ACTIVITY:
Although the data holds pictures, return only the lines from the one containing "使用期限は6カ月以上先のものを送ります。●ニチバン ケアリーブ やさしい素肌タイプ" to the end, exactly, and without them.

GIVEN INFORMATION: Begin

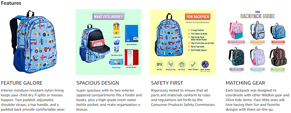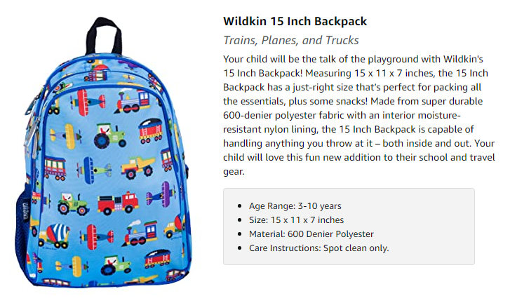 PATTERN COORDINATES WITH OTHER WILDKIN AND OLIVE KIDS ITEMS – Make a theme out of it! This school bag is part of our Olive Kids collection. Each 15 Inch boys and girls backpack was designed to coordinate with other Wildkin gears and Olive Kids items. From lunch boxes to duffel bags, your child will love having their favorite backpack with them on the go.
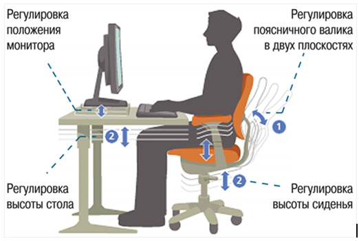 Рабочий стул (кресло) должно быть подъёмно — поворотным и регулируемым по высоте и углам наклона сидения и спинки, а также — расстоянию спинки от переднего края сидения.
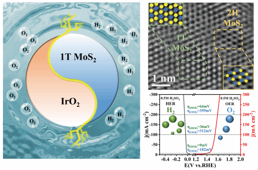 近日,我院杨植教授、周学梅博士联合西北工业大学高唯博士通过相工程调控策略,制备了IrO2/MoS2/CNT异质结催化剂。通过将IrO2掺入到MoS2/CNT,诱导MoS2从2H相部分相变1T相,显著提升了催化剂的导电性和催化活性。碳纳米管(CNT)的加入进一步增强了催化剂的导电性和结构稳定性。结果表明,在酸性环境下,IrO2/MoS2/CNT催化剂表现出卓越的全电解水催化性能。通过多种原位实验和DFT计算等手段系统揭示了其电解水催化性能增强的原因。
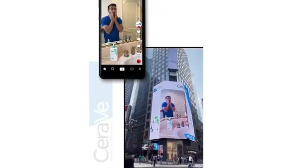 Billboard: Amplifies existing TikTok campaigns onto large-scale urban displays. Skincare brand CeraVe notably extended its #CleanseLikeaDerm campaign to Times Square billboards, merging user-generated content (UGC) with high-impact visibility.
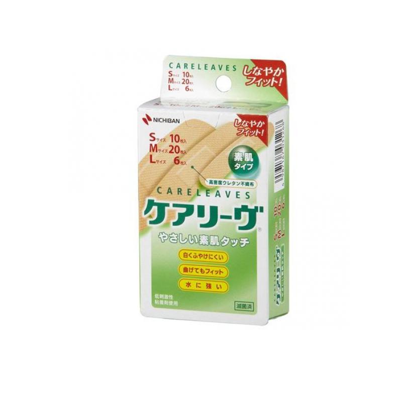 使用期限は6カ月以上先のものを送ります。●ニチバン ケアリーブ やさしい素肌タイプ 救急絆創膏(ばんそうこう)●高密度ウレタン不織布の採用で、しなやかに肌になじみます。●つけている違和感がほとんどない快適な貼りごこちを実現しました。●しかも、低刺激性のアクリル系粘着剤を使用。●かぶれにくく、肌にやさしい救急絆創膏です。●指まわりや屈曲部にしっかりフィット。●タテヨコの伸びが優れており、指を動かしたり曲げたりしてもしっかりフィット。●皮ふの微妙な動きに順応するため、皮ふへのストレスを軽減。●かぶれにくく、やさしい貼りごこちです。●透湿性がよく、皮ふのムレが少ない。●皮ふのムレが少なく、白くふやけたりすることがほとんどありません。●角質細胞のはがれが少なく低刺激。●一般医療機器(クラス1) 医療機器登録番号:40B2X00015131170
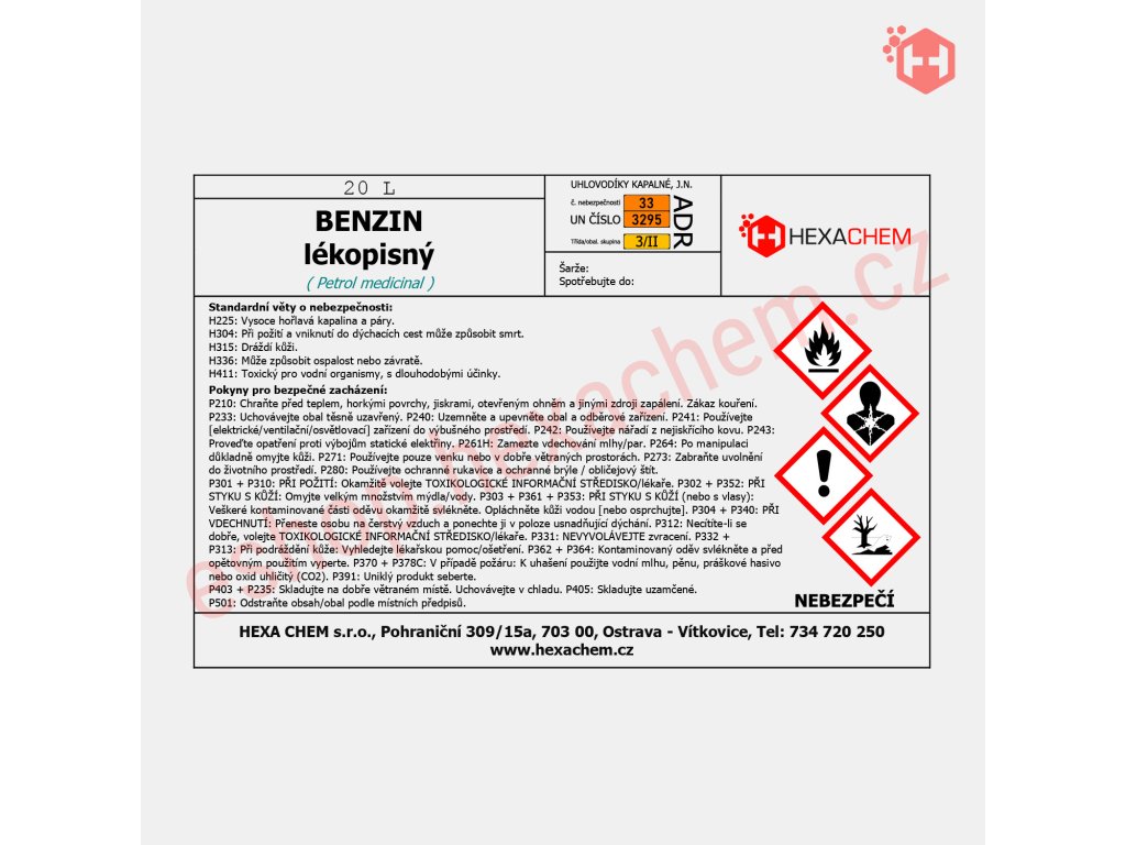 | Transport (ADR) | UN 3295, Węglowodory ciekłe, i.n.o., 3, II, (D/E), Kat. transportowa: 2, Zagrożenie dla środowiska: tak, Kod klasyfikacyjny: F1 |
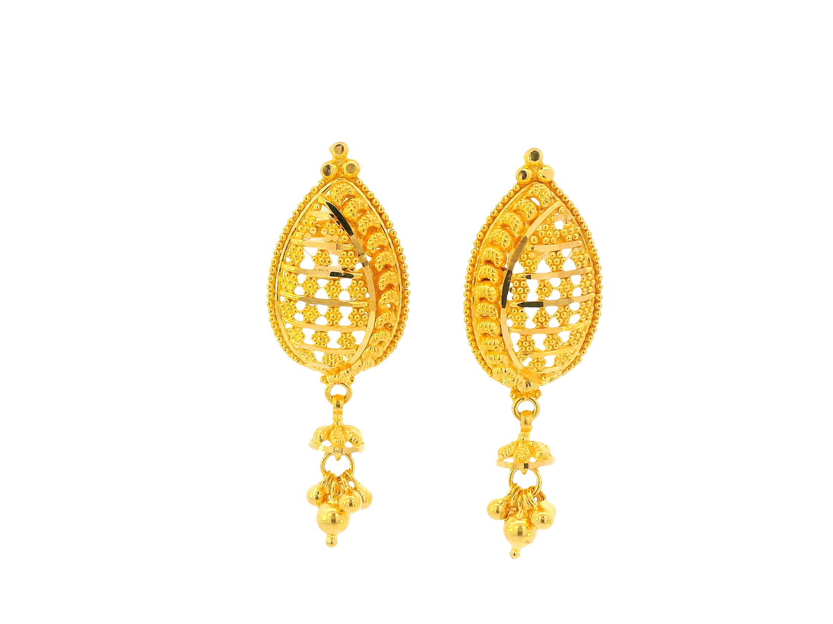 Description:Elegant and timeless, these 22K Yellow Gold Hanging Earrings are crafted with precision to exude refined sophistication. Weighing 7.4 grams, they offer a lightweight yet premium feel, perfect for daily wear or special occasions. The rich polished yellow gold finish enhances their warm tone, while the secure screw-back post ensures comfort and confidence with every wear.
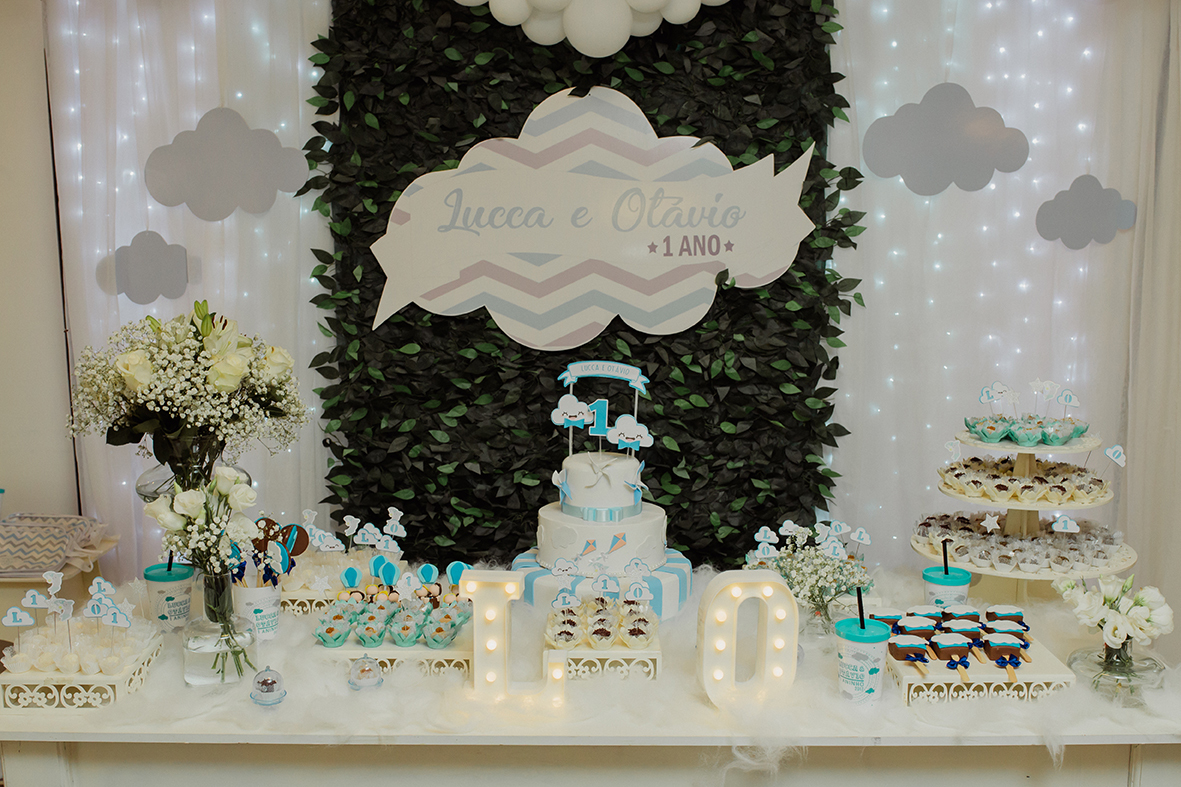 O Tema CÉU para comemorar o batizado e o 1º aninho de vida do Lucca e do Otávio.
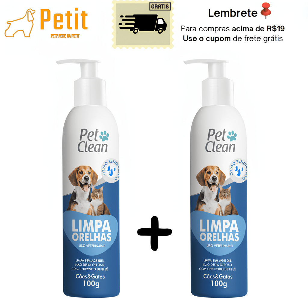 Kit 2 Limpador de Orelhas para Cachorro e Gatos Pet Clean - 2x 100 g
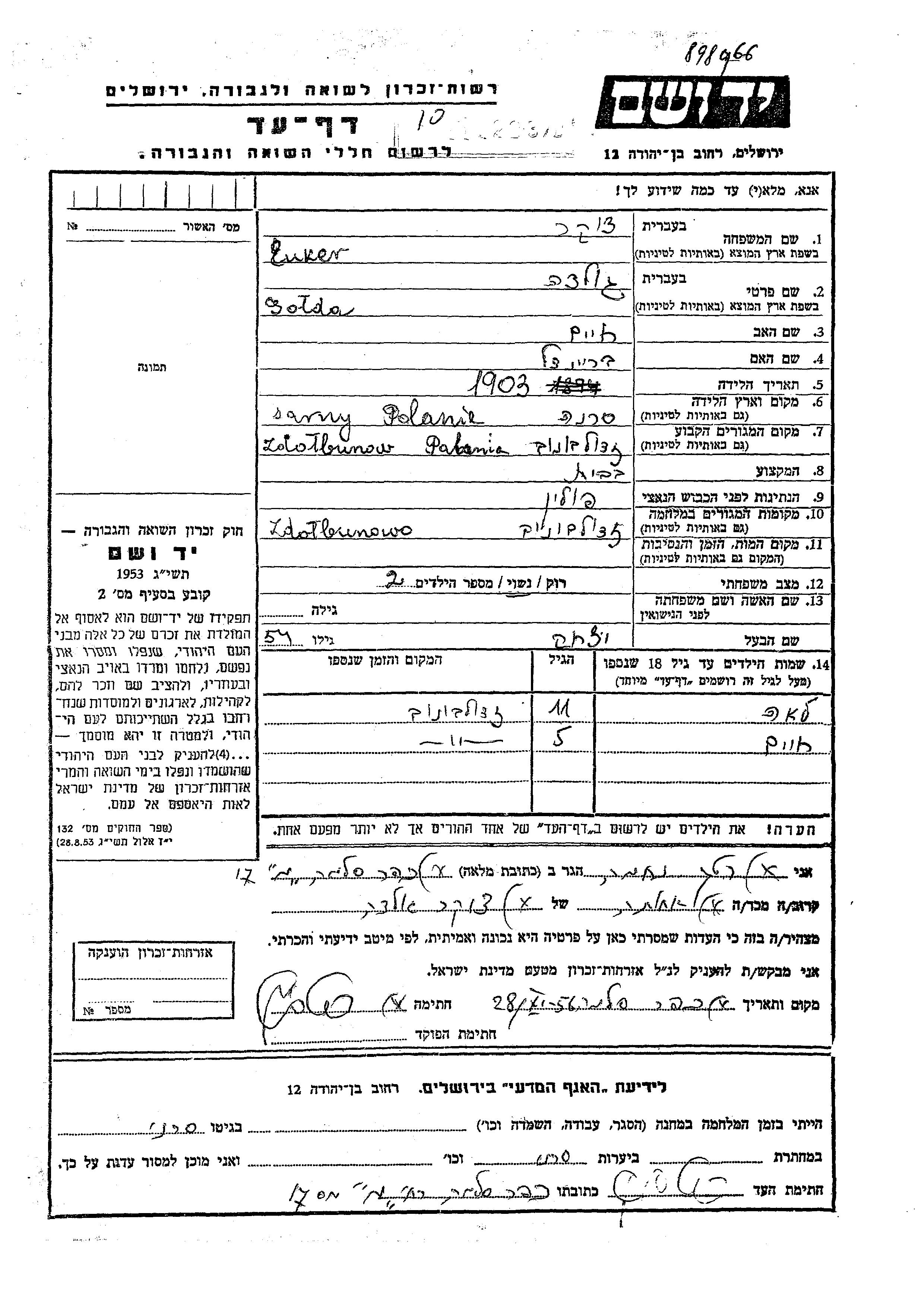 Yad Vashem - Pages of Testimony Names Memorial Collection

GIVEN INFORMATION: End

ANSWER SECTION:
 使用期限は6カ月以上先のものを送ります。●ニチバン ケアリーブ やさしい素肌タイプ 救急絆創膏(ばんそうこう)●高密度ウレタン不織布の採用で、しなやかに肌になじみます。●つけている違和感がほとんどない快適な貼りごこちを実現しました。●しかも、低刺激性のアクリル系粘着剤を使用。●かぶれにくく、肌にやさしい救急絆創膏です。●指まわりや屈曲部にしっかりフィット。●タテヨコの伸びが優れており、指を動かしたり曲げたりしてもしっかりフィット。●皮ふの微妙な動きに順応するため、皮ふへのストレスを軽減。●かぶれにくく、やさしい貼りごこちです。●透湿性がよく、皮ふのムレが少ない。●皮ふのムレが少なく、白くふやけたりすることがほとんどありません。●角質細胞のはがれが少なく低刺激。●一般医療機器(クラス1) 医療機器登録番号:40B2X00015131170
 | Transport (ADR) | UN 3295, Węglowodory ciekłe, i.n.o., 3, II, (D/E), Kat. transportowa: 2, Zagrożenie dla środowiska: tak, Kod klasyfikacyjny: F1 |
 Description:Elegant and timeless, these 22K Yellow Gold Hanging Earrings are crafted with precision to exude refined sophistication. Weighing 7.4 grams, they offer a lightweight yet premium feel, perfect for daily wear or special occasions. The rich polished yellow gold finish enhances their warm tone, while the secure screw-back post ensures comfort and confidence with every wear.
 O Tema CÉU para comemorar o batizado e o 1º aninho de vida do Lucca e do Otávio.
 Kit 2 Limpador de Orelhas para Cachorro e Gatos Pet Clean - 2x 100 g
 Yad Vashem - Pages of Testimony Names Memorial Collection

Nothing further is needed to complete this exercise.